Train Power for Endurance?

A couple of months ago you I spoke to you about the reasons for including power in your training. This week I thought I would continue that thought with respect to endurance athletes… WHAT?! Yup, training power in endurance athletes is a strategy you can use to enhance your ability to run a marathon or complete that rather intimidating triathlon.

Starting with the basics, an endurance athlete must be capable of slowly and efficiently metabolizing energy stores such as glucose and proteins to maintain speed cadence throughout a race. Their body’s aerobic energy system will have been trained to withstand hours of constant output. Joints are strengthened to adapt to the constant impact received with each running stride. With that said, looks like we have a pretty well trained distance athlete. I will not argue with that, but my one question will be, how fast are you?

Having the ability to maintain speeds for hours on end is an accomplishment on its own but as an athlete, is that enough?

Long distance events are very much an individual sport. This means that intrinsic goals are most often set with regards to time.
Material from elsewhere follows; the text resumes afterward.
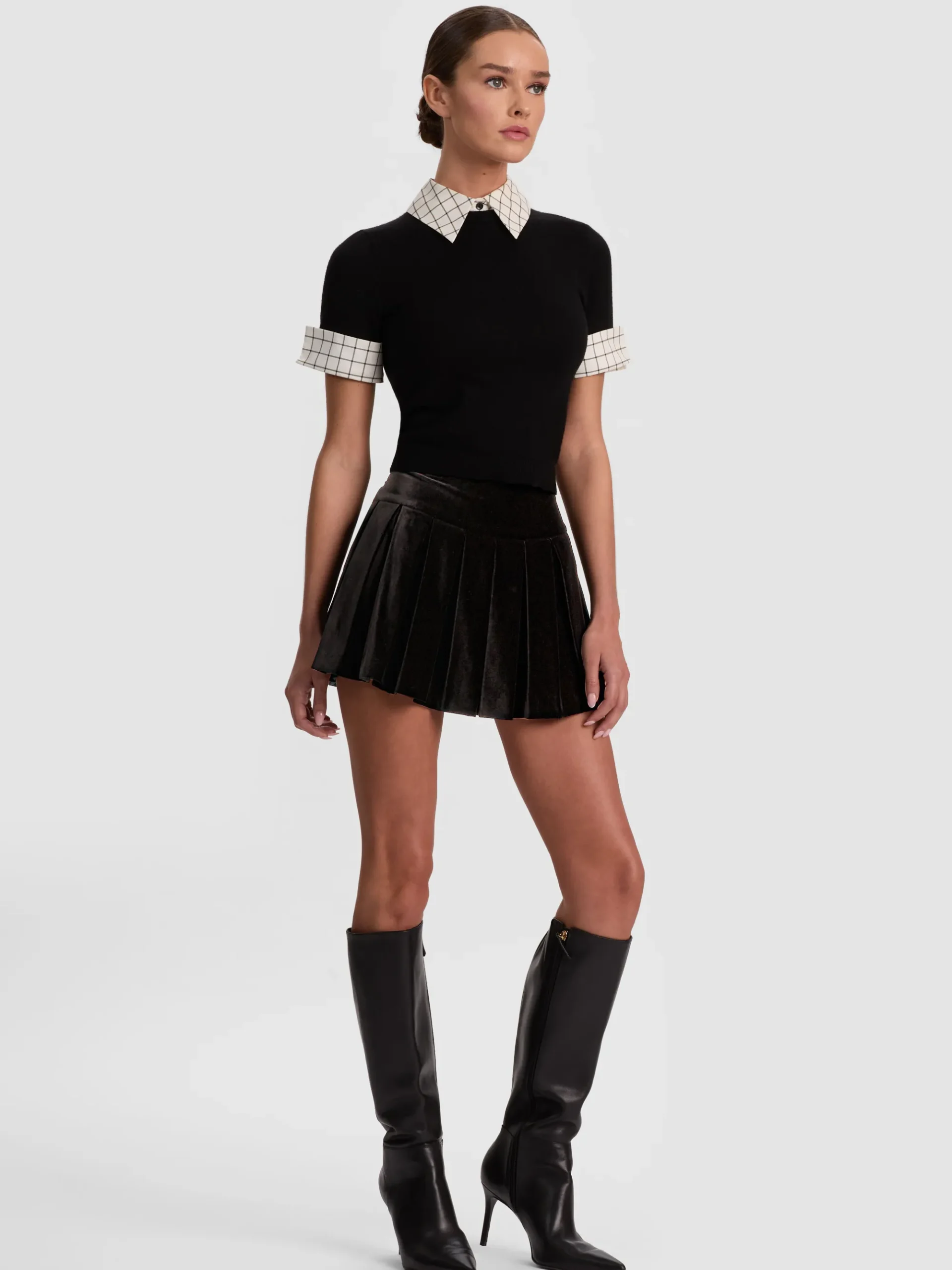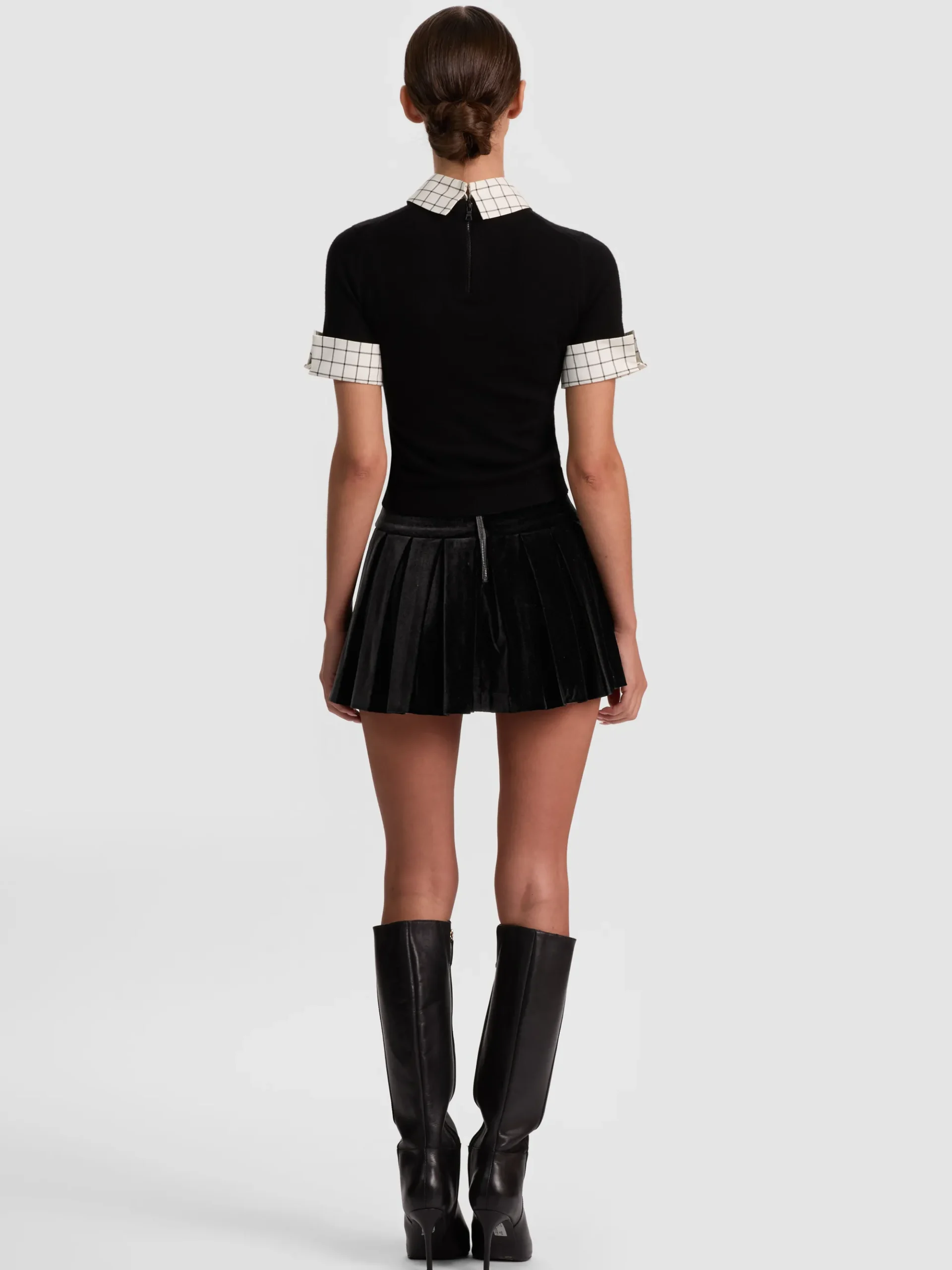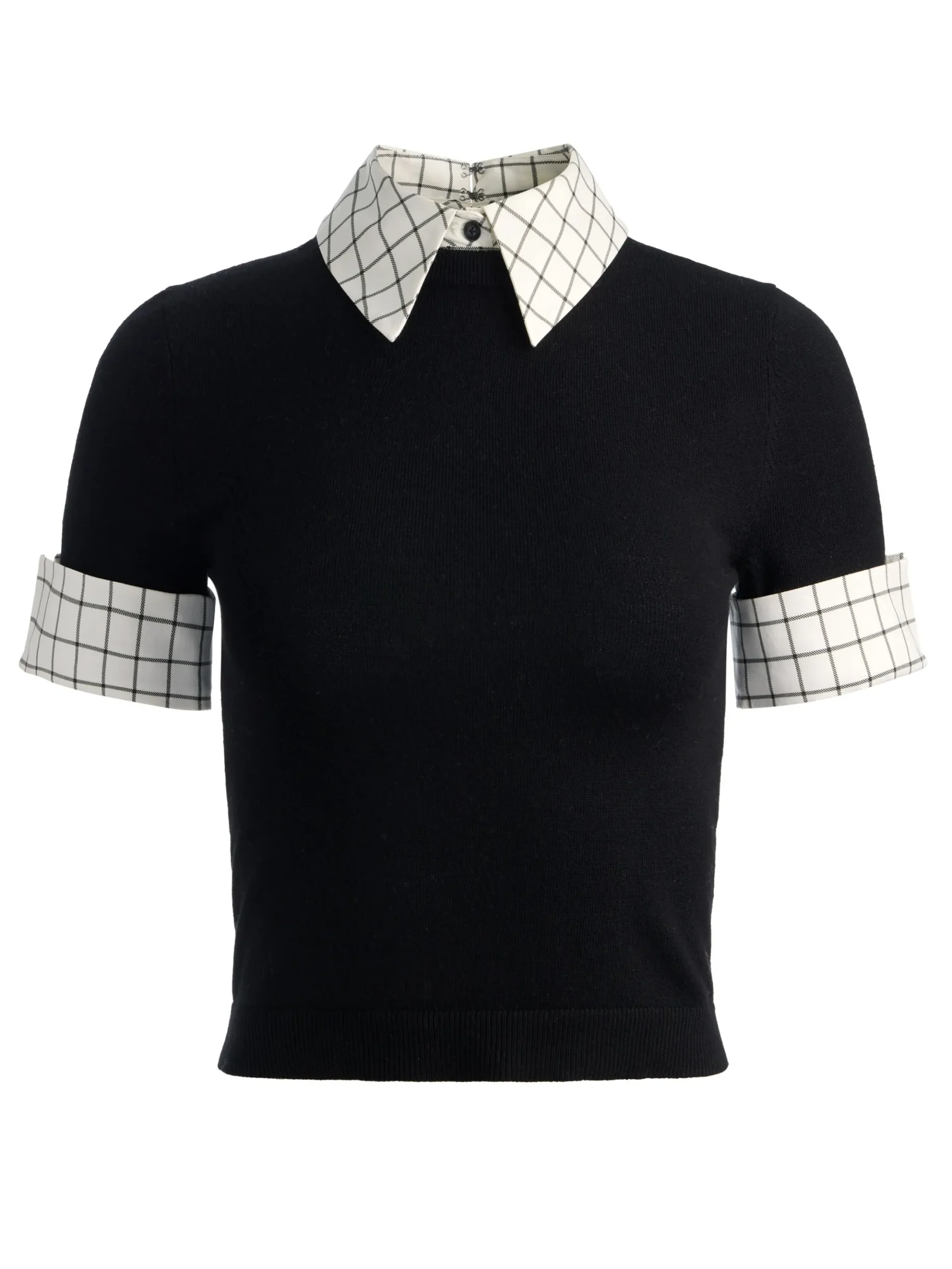 - Removable plaid collar and cuffs

You find yourself in a constant chase of that personal best time, with every step fighting that inner demon telling you it can’t be done. Oh I can, and I will! How do you get faster? Most would say, run more. In my experience, training the body on slow repetitive movement can create amazing efficiency, but not develop the kind of speed required to blast though your PB.

Going back to my previous post, the nervous system has this amazing ability to generate lightning fast signals to your muscles allowing them to react/contract faster. In essence, training to increase the body’s power output within each stride can generate a faster cadence during a race. This applies to all endurance activities, running, swimming, cycling, rowing etc.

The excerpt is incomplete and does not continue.